Examples of semisimple Lie algebras, the classical Lie algebras, with notation coming from their Dynkin diagrams, are:
- $A_n:$ $\mathfrak {sl}_{n+1}$, the special linear Lie algebra.
- $B_n:$ $\mathfrak{so}_{2n+1}$, the odd-dimensional special orthogonal Lie algebra.
- $C_n:$ $\mathfrak {sp}_{2n}$, the symplectic Lie algebra.
- $D_n:$ $\mathfrak{so}_{2n}$, the even-dimensional special orthogonal Lie algebra ($n>1$).
The restriction $n>1$ in the $D_n$ family is needed because $\mathfrak{so}_{2}$ is one-dimensional and commutative and therefore not semisimple.

These Lie algebras are numbered so that n is the rank. Almost all of these semisimple Lie algebras are actually simple and the members of these families are almost all distinct, except for some collisions in small rank. For example $\mathfrak{so}_{4} \cong \mathfrak{so}_{3} \oplus \mathfrak{so}_{3}$ and $\mathfrak{sp}_{2} \cong \mathfrak{so}_{5}$. These four families, together with five exceptions (E_{6}, E_{7}, E_{8}, F_{4}, and G_{2}), are in fact the only simple Lie algebras over the complex numbers.

== Classification ==

The simple Lie algebras are classified by the connected Dynkin diagrams.

Every semisimple Lie algebra over an algebraically closed field of characteristic 0 is a direct sum of simple Lie algebras (by definition), and the finite-dimensional simple Lie algebras fall in four families – A_{n}, B_{n}, C_{n}, and D_{n} – with five exceptions
E_{6}, E_{7}, E_{8}, F_{4}, and G_{2}. Simple Lie algebras are classified by the connected Dynkin diagrams, shown on the right, while semisimple Lie algebras correspond to not necessarily connected Dynkin diagrams, where each component of the diagram corresponds to a summand of the decomposition of the semisimple Lie algebra into simple Lie algebras.
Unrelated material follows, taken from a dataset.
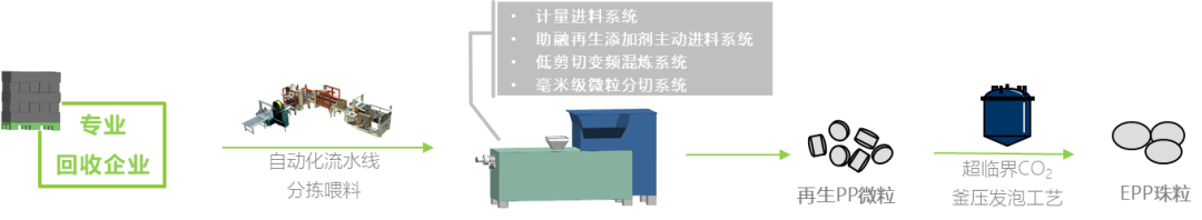 The regenerated PP particles prepared by the cold press densification process and the EPP special hot melt regeneration process have mechanical properties improved by more than 50% compared with the traditional melt granulation process, and the melt strength is restored to more than 90%. It is suitable for supercritical carbon dioxide of EPP Kettle pressure foaming process;

The classification proceeds by considering a Cartan subalgebra (see below) and its adjoint action on the Lie algebra. The root system of the action then both determines the original Lie algebra and must have a very constrained form, which can be classified by the Dynkin diagrams. See the section below describing Cartan subalgebras and root systems for more details.

The classification is widely considered one of the most elegant results in mathematics – a brief list of axioms yields, via a relatively short proof, a complete but non-trivial classification with surprising structure. This should be compared to the classification of finite simple groups, which is significantly more complicated.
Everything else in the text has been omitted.